Nei Codici, che aveva cominciato a scrivere quando si era trasferito all'età di
trent'anni a Milano alle dipendenze di Ludovico il Moro, non è infrequente trovare
errori. Ad esempio, moltiplicando 4096 per due, ottiene 8092 anziché 8192 (ma si
tratta certamente di una svista); altri sono più pesanti, come la semplificazione di
12/12 in 1/0; oppure, dovendo trovare la somma di 13/12 + 7/6 + 3/2 arriva al
risultato di 216/78, anziché 45/12, individuando nel numero 78, invece che nel 12,
il minimo comune multiplo delle tre frazioni; infine effettua la moltiplicazione 2/2
x 2/2 = 4/2, ottenendo 2 anziché 1.
Dopo qualche tempo anche il Pacioli si stabilì a Milano e conobbe Leonardo. Tra i
due si instaurò subito un clima di stima reciproca tanto che Leonardo usufruì delle
sue lezioni quando il frate fu incaricato dell'insegnamento della matematica
pubblicamente. Leonardo ne trasse grande giovamento e fu attratto soprattutto
dalla geometria e da alcune tipologie di problemi ad essa collegabili, che
presentavano un interesse anche da un punto di vista pittorico e architettonico.
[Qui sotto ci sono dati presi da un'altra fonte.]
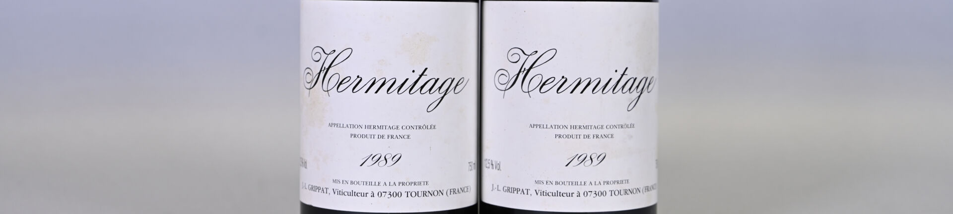 RHÔNE – 2 bouteilles, Hermitage, Jean-Louis Grippat, 1989. Un niveau à 2,4 cm. Une capsule très légèrement déformée en son sommet. Etiquettes légèrement sales et tachées.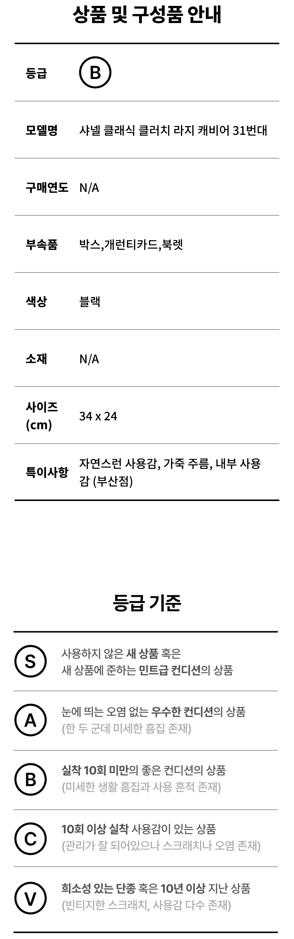샤넬 클래식 클러치 라지 캐비어 31번대

Problemi ricorrenti negli appunti di Leonardo sono quelli legati allo studio delle
proporzioni esistenti tra le parti del corpo umano, degli animali e delle figure in
generale. Egli era fortemente attratto dalla cosiddetta sezione aurea (si divide un
segmento in due parti e si calcola la divisione tra la lunghezza dell'intero segmento
e la parte più lunga, poi la divisione tra il pezzo più lungo e il più corto; se il
risultato delle due divisioni è lo stesso, allora si dice che le due parti del segmento
sono in rapporto aureo tra di loro; se i due pezzi in cui è diviso il segmento aureo
vengono poi utilizzati come lunghezze dei lati di un rettangolo, questo viene detto
rettangolo aureo).
Secondo molti studiosi, Leonardo usò ripetutamente le misure auree (che il suo
maestro Pacioli chiamava la divina proporzione) nelle sue opere più famose. Ad
esempio, nell'Ultima Cena raffigurò Cristo al centro del dipinto e racchiuse in
rettangoli aurei il suo corpo, il tavolo e la stanza, nella quadro della Gioconda vi
racchiuse il viso di Monna Lisa e le parti del corpo che vanno da un gomito
all'altro. Secondo Dan Brown, l'autore del thriller Il Codice da Vinci, la sezione
aurea rappresenta la chiave di volta per comprendere la pittura di Leonardo.
Egli però non è un teorico e il suo uso della matematica è sempre pragmatico. In
essa convivono grandi difficoltà e grandi intuizioni, mancando una sintesi teorica
delle ricerche. Se si considera allora la capacità di produrre grandi sintesi astratte o
di manipolare numeri, certamente Leonardo non fu un matematico; se si
considerano invece i problemi ai quali si appassionò, nel campo che gli era più
congeniale della geometria e della visione pittorica, allora il discorso cambia. È qui
che, osservando la matematica moderna, si riesce a vedere come alcuni dei risultati
attuali erano già stati ottenuti graficamente da Leonardo, solo con l'aiuto della riga
e del compasso.
(26 aprile 2019)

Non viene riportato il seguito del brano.